What's the on-camera explanation of a school board member elected by those goobers against the opportunity to morph her into a frog?

Good times.

Piculas' skyrocket exploded over the Nature Coast in May and sparkled right on through the Fourth of July weekend, when the scorned teacher retained a lawyer and raised the specter of a lawsuit. Six months later, having failed to extract tribute for his troubles, Piculas' threat materialized.

His reputation has been damaged, he says, by false allegations about his teaching skills. Notably absent from the legal documents? Any mention of "wizardry." All together now: Hmmmmmmm.

Bibbidi-Bobbidi-Boo

Take away the angle from Oz and all we have is a run-of-the-mill dispute between a disgruntled former employee and a high-profile employer with a reputation for circumspection. Stephen Colbert nation will not be interested.

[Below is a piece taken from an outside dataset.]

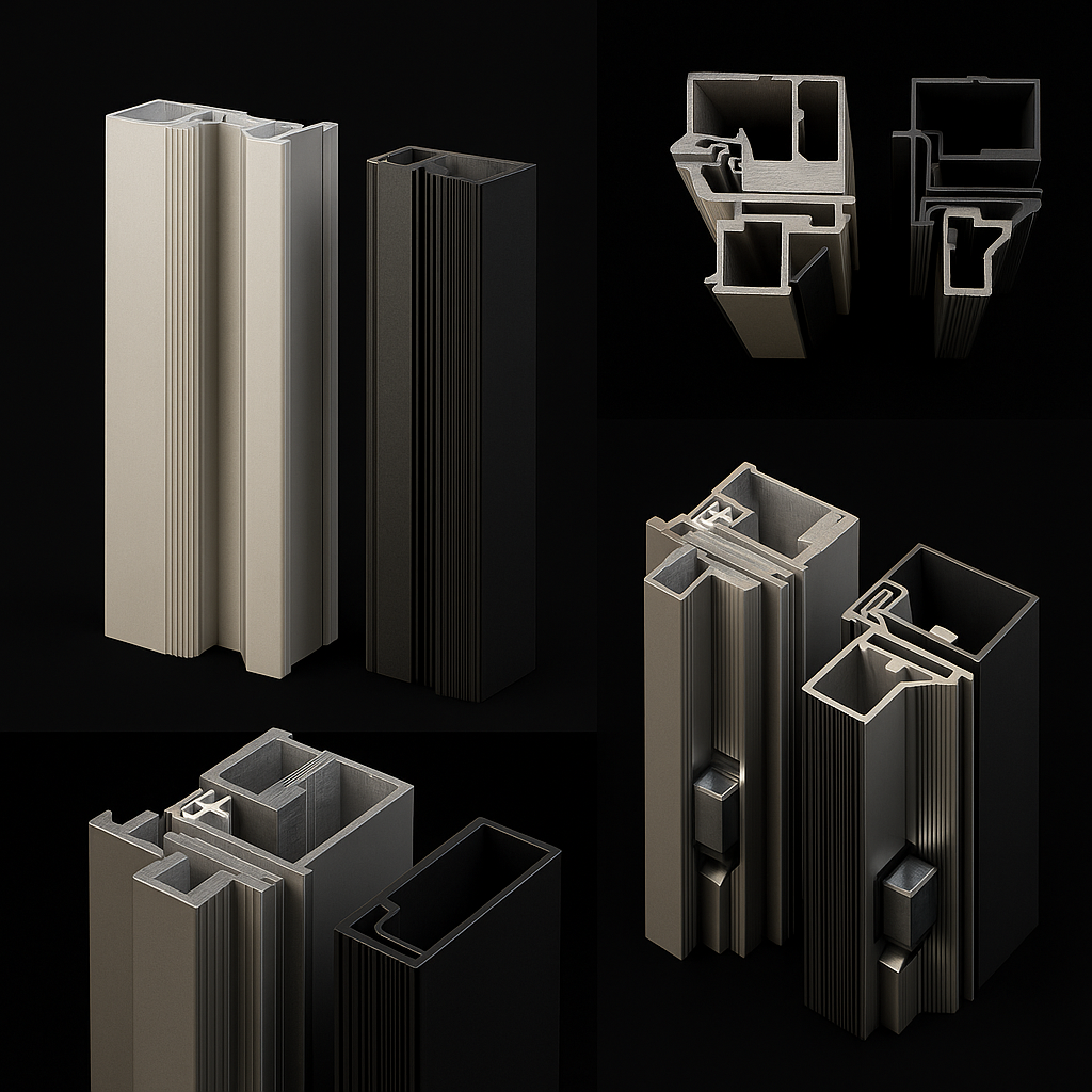Profile aluminiowe o grubości 43 mm i 55 mm przeznaczone są do systemów drzwi z ukrytą ościeżnicą. Umożliwiają estetyczny montaż skrzydła zlicowanego ze ścianą, zachowując jednocześnie pełną stabilność konstrukcji.

Yes, until now, the Little Guy with the wacky spin and a willing perpetual-motion publicity machine has enjoyed the fruits of modern culture's appetite for information, real or fabricated. Finally, though, Piculas has upped the ante beyond regional prejudice and keyboard musing. When attorneys start taking depositions, the solution is beyond pixie dust.

As the school district prepares its response, we grow eager to give the man behind the curtain all the attention he deserves.